= Jitendra Majumder =

Indian politician (born 1954)

Jitendra Majumder (born 1954) is an Indian politician from Tripura. He is a member of the Tripura Legislative Assembly from Kakraban Salgarh Assembly constituency, which is reserved for Scheduled Caste community, in Gomati district. He won the 2023 Tripura Legislative Assembly election, representing the Bharatiya Janata Party.
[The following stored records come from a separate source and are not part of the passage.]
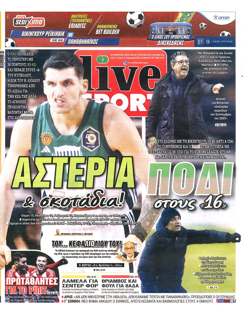 LIVE SPORT - 13 Φεβρουαρίου 2025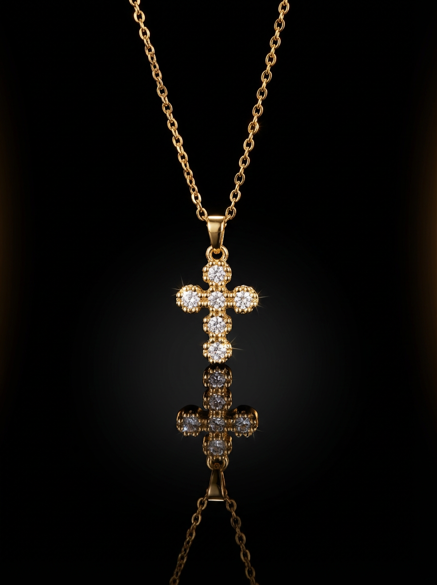 Una croce elegante e luminosa, interamente tempestata di zirconi rotondi che riflettono la luce in modo intenso e raffinato.
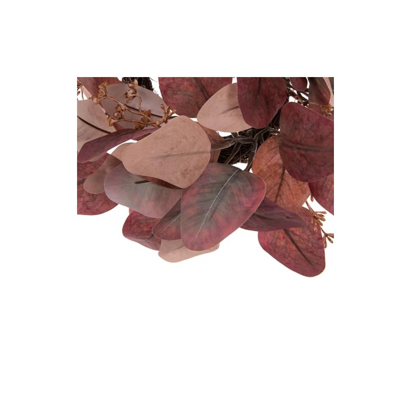 Decorate your home this fall season with a charming Eucalyptus Mini Wreath! This wreath features a beautiful assortment of faux eucalyptus leaves and white seed decorations. Add a rustic touch to your living room with this homey piece.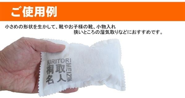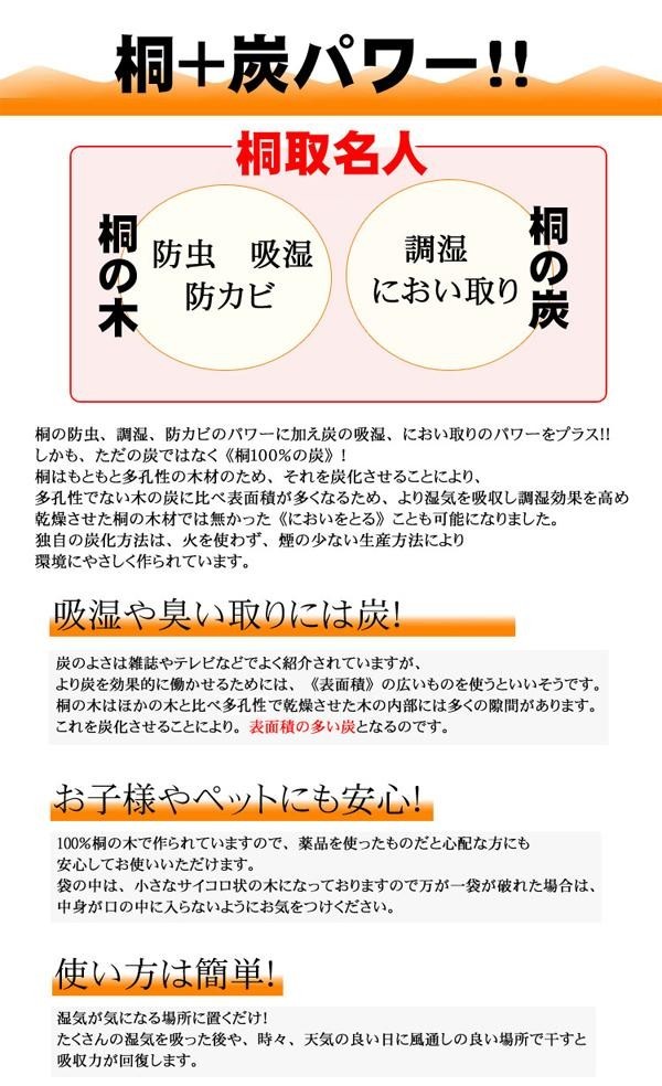 桐の木と桐の炭を混ぜた天然素材でできた安心の吸臭・吸湿剤です。小さめの形状を生かして、靴や小物入れ、狭い所の湿気取りにおすすめです。

== Early life and education ==
Majumder is from Kakraban. His late father Radha Krishna Majumder was a farmer. He completed his B.A. in 1978 at Ramthakur College, Agartala, which is affiliated with Calcutta University. He is into rubber cultivation and also runs his own business.

== Career ==
Majumder was elected as an MLA from Kakraban Salgarh Assembly constituency representing the Bharatiya Janata Party in the 2023 Tripura Legislative Assembly election. He polled 23,625 votes and defeated his nearest rival, Ratan Kr. Bhowmik of the Communist Party of India (Marxist), by a margin of 5,051 votes. In the 2018 Tripura Legislative Assembly election, he lost to Bhowmik of the Communist Party, by a margin of 3,767 votes. He polled 21,068 votes against Bhowmik, who got 24,835 votes.